◆ **What the task requires**: Repeat the following entries exactly, excluding pictures.

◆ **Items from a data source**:
______________________________

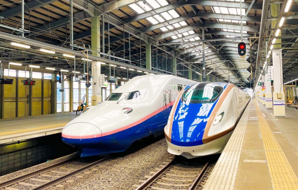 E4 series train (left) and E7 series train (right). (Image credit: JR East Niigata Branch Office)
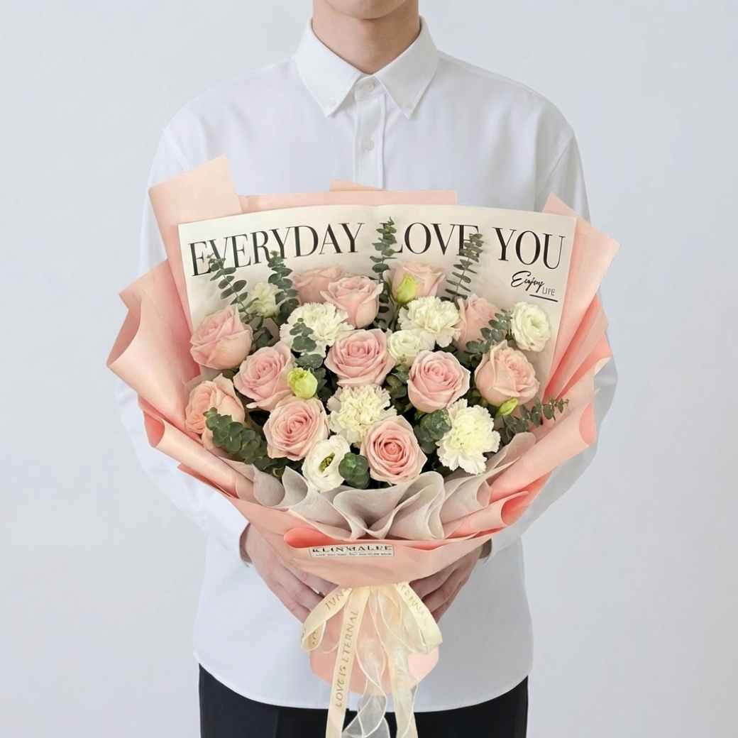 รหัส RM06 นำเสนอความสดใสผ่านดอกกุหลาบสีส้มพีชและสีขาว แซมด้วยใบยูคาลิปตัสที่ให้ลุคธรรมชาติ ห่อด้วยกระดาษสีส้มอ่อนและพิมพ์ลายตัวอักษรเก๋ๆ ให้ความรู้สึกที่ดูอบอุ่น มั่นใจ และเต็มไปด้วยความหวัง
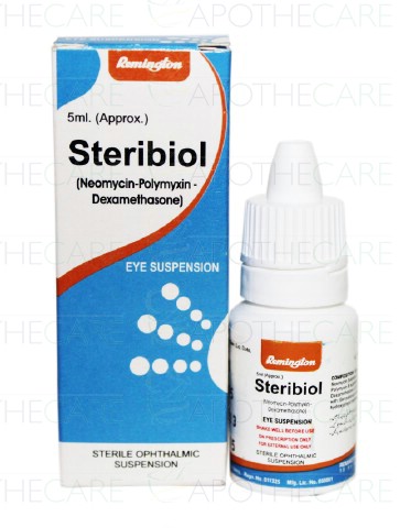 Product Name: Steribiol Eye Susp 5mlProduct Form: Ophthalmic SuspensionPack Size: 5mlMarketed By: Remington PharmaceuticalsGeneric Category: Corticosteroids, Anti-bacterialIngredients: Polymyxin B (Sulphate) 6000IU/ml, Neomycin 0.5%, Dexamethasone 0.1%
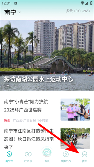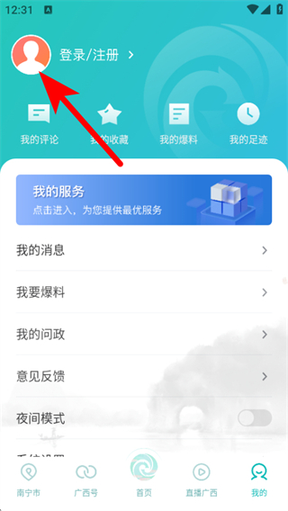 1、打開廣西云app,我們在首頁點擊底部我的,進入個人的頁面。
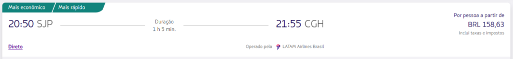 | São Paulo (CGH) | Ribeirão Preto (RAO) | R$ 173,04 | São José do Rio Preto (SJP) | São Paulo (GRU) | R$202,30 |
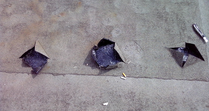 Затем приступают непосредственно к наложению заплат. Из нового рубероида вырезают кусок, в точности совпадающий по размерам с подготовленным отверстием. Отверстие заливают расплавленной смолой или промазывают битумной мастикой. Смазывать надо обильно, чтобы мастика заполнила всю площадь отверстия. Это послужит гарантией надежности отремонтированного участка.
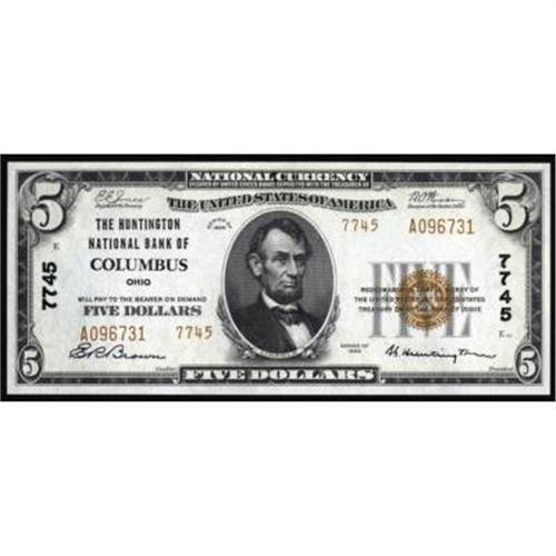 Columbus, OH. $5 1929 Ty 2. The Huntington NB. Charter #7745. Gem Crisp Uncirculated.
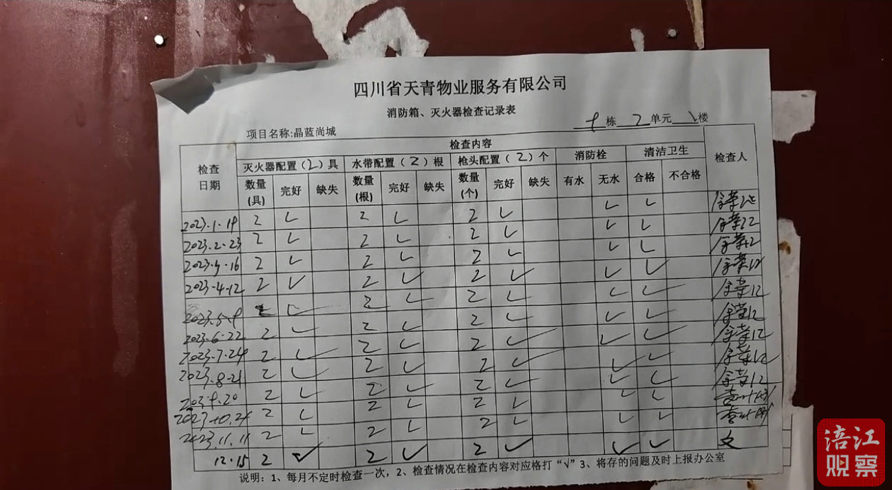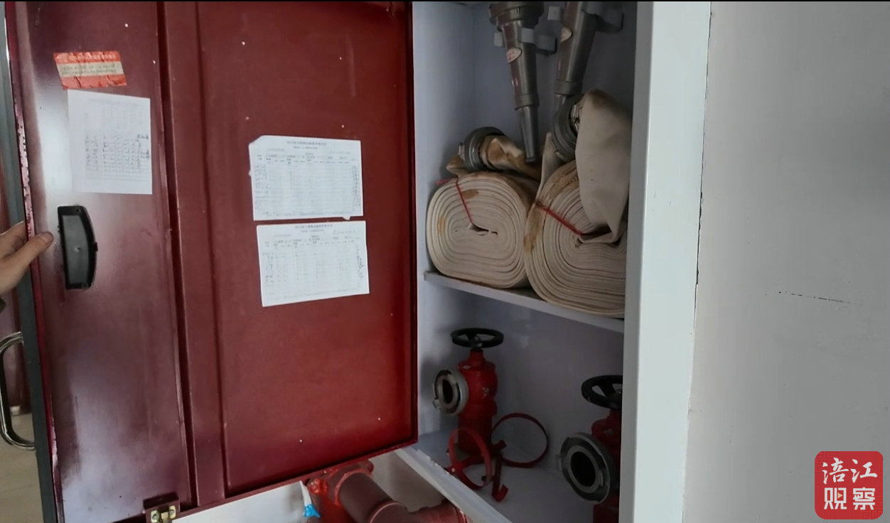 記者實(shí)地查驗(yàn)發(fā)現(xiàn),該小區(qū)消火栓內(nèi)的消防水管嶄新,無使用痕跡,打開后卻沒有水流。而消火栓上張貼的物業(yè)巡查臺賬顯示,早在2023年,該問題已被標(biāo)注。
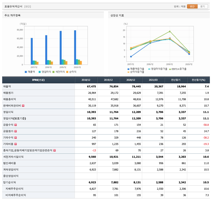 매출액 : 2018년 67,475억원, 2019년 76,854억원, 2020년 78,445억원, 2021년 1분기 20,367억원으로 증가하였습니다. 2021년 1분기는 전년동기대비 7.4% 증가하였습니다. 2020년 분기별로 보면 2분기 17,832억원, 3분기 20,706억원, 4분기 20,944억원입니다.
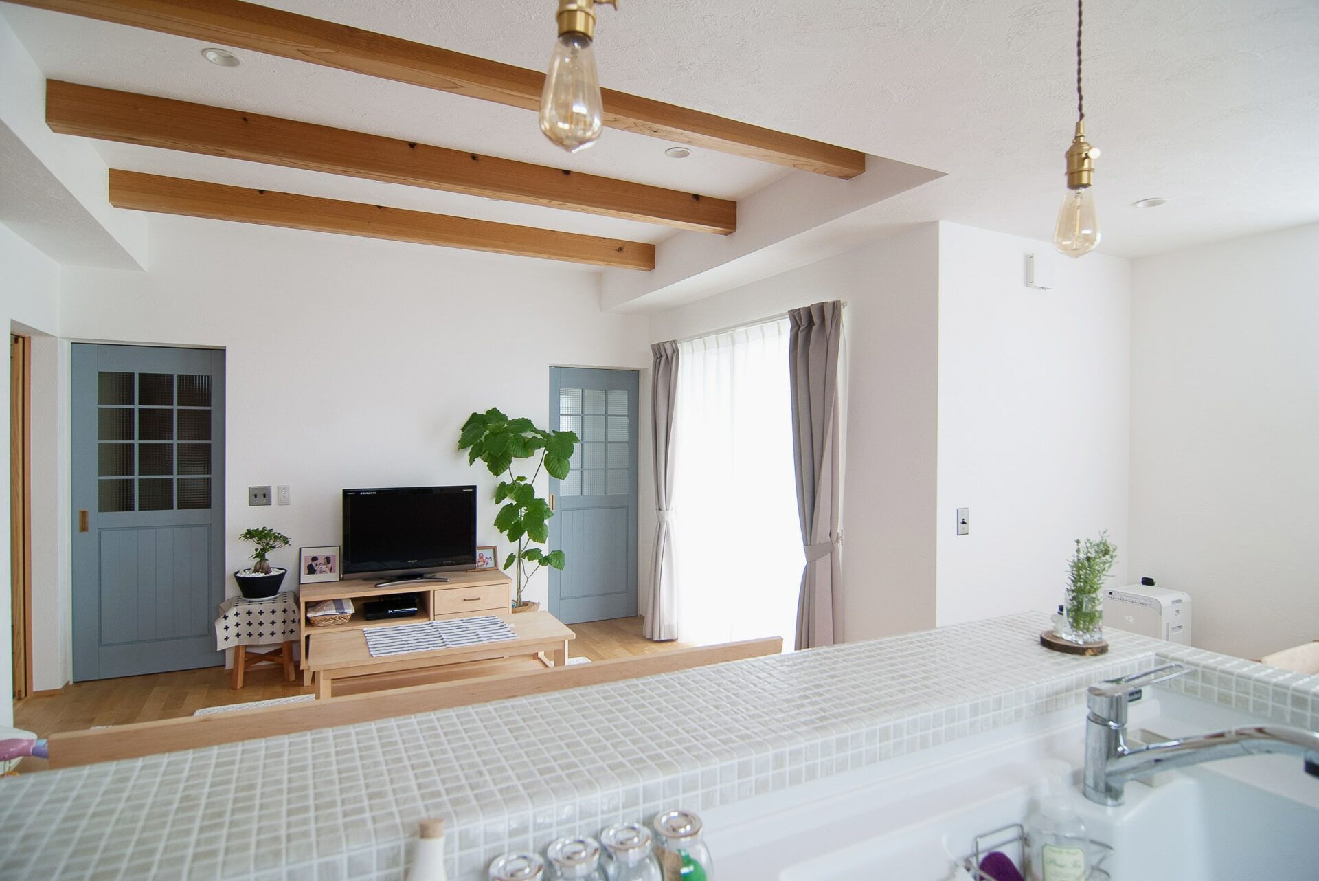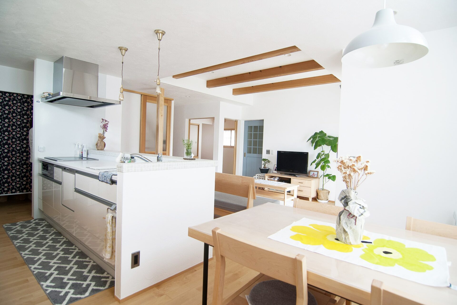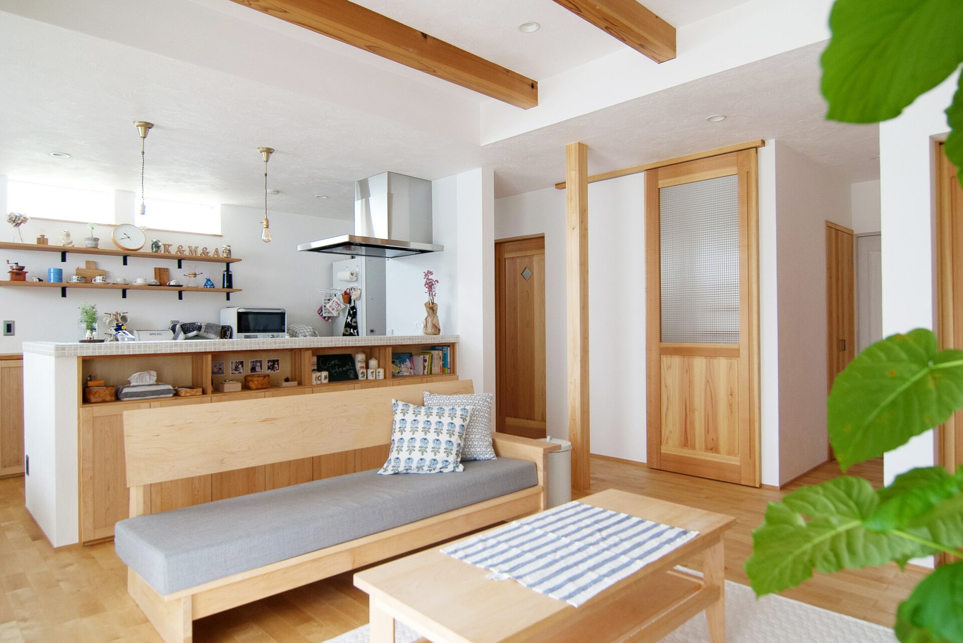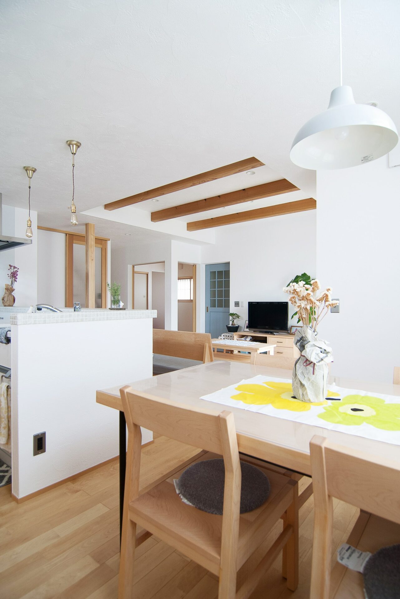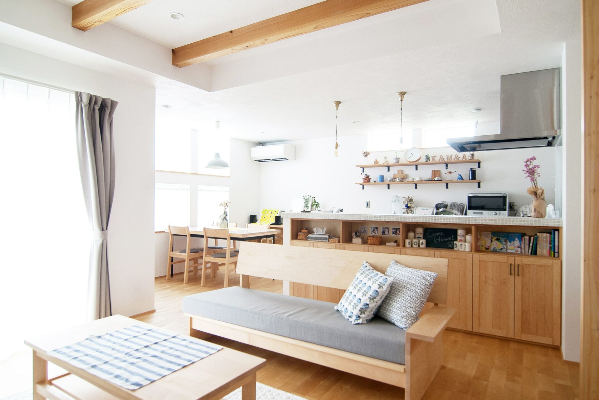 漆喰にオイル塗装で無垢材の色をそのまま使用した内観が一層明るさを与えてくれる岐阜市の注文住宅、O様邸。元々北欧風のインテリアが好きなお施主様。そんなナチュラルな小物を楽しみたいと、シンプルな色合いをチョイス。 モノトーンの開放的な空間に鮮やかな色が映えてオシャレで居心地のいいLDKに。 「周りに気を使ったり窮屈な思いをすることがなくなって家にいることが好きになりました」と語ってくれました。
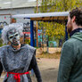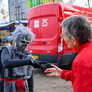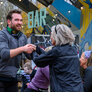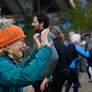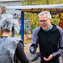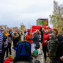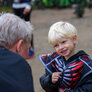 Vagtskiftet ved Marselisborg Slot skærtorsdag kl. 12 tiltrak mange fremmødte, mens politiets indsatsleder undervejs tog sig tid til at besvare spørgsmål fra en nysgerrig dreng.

______________________________

◆ **Solution for this exercise**:
 E4 series train (left) and E7 series train (right). (Image credit: JR East Niigata Branch Office)
 รหัส RM06 นำเสนอความสดใสผ่านดอกกุหลาบสีส้มพีชและสีขาว แซมด้วยใบยูคาลิปตัสที่ให้ลุคธรรมชาติ ห่อด้วยกระดาษสีส้มอ่อนและพิมพ์ลายตัวอักษรเก๋ๆ ให้ความรู้สึกที่ดูอบอุ่น มั่นใจ และเต็มไปด้วยความหวัง
 Product Name: Steribiol Eye Susp 5mlProduct Form: Ophthalmic SuspensionPack Size: 5mlMarketed By: Remington PharmaceuticalsGeneric Category: Corticosteroids, Anti-bacterialIngredients: Polymyxin B (Sulphate) 6000IU/ml, Neomycin 0.5%, Dexamethasone 0.1%
 1、打開廣西云app,我們在首頁點擊底部我的,進入個人的頁面。
 | São Paulo (CGH) | Ribeirão Preto (RAO) | R$ 173,04 | São José do Rio Preto (SJP) | São Paulo (GRU) | R$202,30 |
 Затем приступают непосредственно к наложению заплат. Из нового рубероида вырезают кусок, в точности совпадающий по размерам с подготовленным отверстием. Отверстие заливают расплавленной смолой или промазывают битумной мастикой. Смазывать надо обильно, чтобы мастика заполнила всю площадь отверстия. Это послужит гарантией надежности отремонтированного участка.
 Columbus, OH. $5 1929 Ty 2. The Huntington NB. Charter #7745. Gem Crisp Uncirculated.
 記者實(shí)地查驗(yàn)發(fā)現(xiàn),該小區(qū)消火栓內(nèi)的消防水管嶄新,無使用痕跡,打開后卻沒有水流。而消火栓上張貼的物業(yè)巡查臺賬顯示,早在2023年,該問題已被標(biāo)注。
 매출액 : 2018년 67,475억원, 2019년 76,854억원, 2020년 78,445억원, 2021년 1분기 20,367억원으로 증가하였습니다. 2021년 1분기는 전년동기대비 7.4% 증가하였습니다. 2020년 분기별로 보면 2분기 17,832억원, 3분기 20,706억원, 4분기 20,944억원입니다.
 漆喰にオイル塗装で無垢材の色をそのまま使用した内観が一層明るさを与えてくれる岐阜市の注文住宅、O様邸。元々北欧風のインテリアが好きなお施主様。そんなナチュラルな小物を楽しみたいと、シンプルな色合いをチョイス。 モノトーンの開放的な空間に鮮やかな色が映えてオシャレで居心地のいいLDKに。 「周りに気を使ったり窮屈な思いをすることがなくなって家にいることが好きになりました」と語ってくれました。
 Vagtskiftet ved Marselisborg Slot skærtorsdag kl. 12 tiltrak mange fremmødte, mens politiets indsatsleder undervejs tog sig tid til at besvare spørgsmål fra en nysgerrig dreng.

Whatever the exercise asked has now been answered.